|By A.D. Freudenheim||
14 October 2001
A couple of weeks ago, in writing about my mood during the recent Jewish holidays of Rosh Hashanah and Yom Kippur, I identified myself as feeling removed from and troubled by the predominant political views of the American Jewish community, and in the process, leveled a number of broad accusations at that community about its "blindly pro-Israel" positions. Putting aside for now the larger issues of why I have trouble with Israel, it seems to me that what I failed to do adequately was attempt to define the community I was criticizing. This is a complicated situation, since the notion that there is one singular American Jewish community is a myth (and not one that I wish to support), and since defining other people into a community can create its own problems.
Most of us belong to a community of some kind, if not several communities, whether we know it or not. There are communities based on geography, religion, language, values, or combinations of these attributes, and there are communities founded on common business or academic interests; there are even (to a certain extent) communities built around those who have seemingly rebelled against what most of us think as social norms, such as prisons. Communities usually operate by self-identification - we choose to associate ourselves with a particular group, for whatever reason - but there are certainly instances where others seek to define our associations for us. In cases like this, such as the recent incidents of Sikh men wearing turbans being misidentified as (presumably anti-American) Muslims, we do a disservice to ourselves as much as to others. Through our ignorance, in forcibly alienating people who may actually share many of the same values, desires, and goals for their lives as we do, we help no one.
In my specific case, I made two mistakes. The first was in using a phrase that means different things to different people, and without being sufficiently clear about the distinctions. As I said, I do not believe that there is one, singular, monolithic American Jewish community. Rather, the people to whom I was referring are a select group of Jews whose visibility and prominence is most pronounced in America. These are the directors, board presidents, chairmen, and others who administer a broad range of organizations - from theological seminaries to social service agencies, from synagogues to political action committees. More visibly, these are also the people who show up on television or are quoted in the newspapers at moments of crisis, commenting on issues that they think should be important to the "Jewish community" in America, providing their particular, organizational perspective. They attempt to evaluate the impact of some event on American Jews and on Jewish life in the United States.

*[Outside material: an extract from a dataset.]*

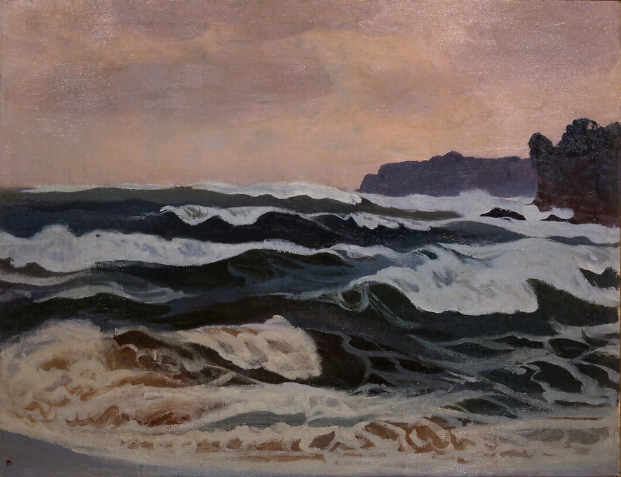 空、波など各部に黄、緑などが混ぜられているが、全体は明るいグレーの変化としてまとめられており、強い色を避けてある。塗りは薄いが、透明感はない。筆致も動きを生むというほどのものではない。主張が乏しいともいえよう画面は、しかし、一種奇妙な雰囲気をたたえている。

Perhaps because of the celebrity of their organizations (e.g. the Anti-Defamation League), or more personal attributes such as wealth (e.g. Ronald Lauder), these particular Jews are offered the opportunity to represent a broad spectrum of other American Jews, under the claim that they comprise a larger, national community. Some of these organizational directors have even created a sub-group with its own representative body - the aptly named "Conference of Presidents of Major Jewish Organizations". However, in taking the opportunity to represent American Jews, many of these figures typically do so from a perspective with which I disagree strongly. Specific to the issue I wrote about for the Jewish holidays, I find it disappointing that so few opposing voices have been able to receive as much consistent notoriety or prominence - professionals for peace, who see Israel as far from blameless in the current cycle of violence, and who see America's unbending support of Israel as a further complicating factor. There are some, but they are quiet by comparison.
My second mistake was in not taking a stronger position of ownership and activity for my own community. Since I identify as an American Jew - but not with the American Jewish organizational heads I mentioned above - where does that leave me? Not at all community-less. Instead, I find myself living within, and connected to, people of broader political and religious beliefs than those who receive media recognition. I have friends and family who express a breadth of ideas and values about Judaism and Jewish issues - but who do not attempt to ignore me because of our disagreements. We do not necessarily fit into identifiable patterns of religious observance or political perspective, but whatever our differences, we are nonetheless a community. That we cannot be easily categorized does not trouble me.
I do not automatically reject the people, or the organizations, that operate as part of the broad, interlocking set of American Jewish communities existing across the United States. There are plenty of both doing beneficial work, helping to educate, feed, house, and nurture Americans (Jewish and non-Jewish alike) with the best of intentions. What I object to are the claims that are sometimes made on my behalf by those who refuse to acknowledge other points of view, religious or political, and who assume that because I am Jewish, and American, they can claim me as one of theirs. It is true that I am Jewish, and an American, but the communities in which I want to live must, by necessity, be broader than the assumptions that often carry with those two identifying words.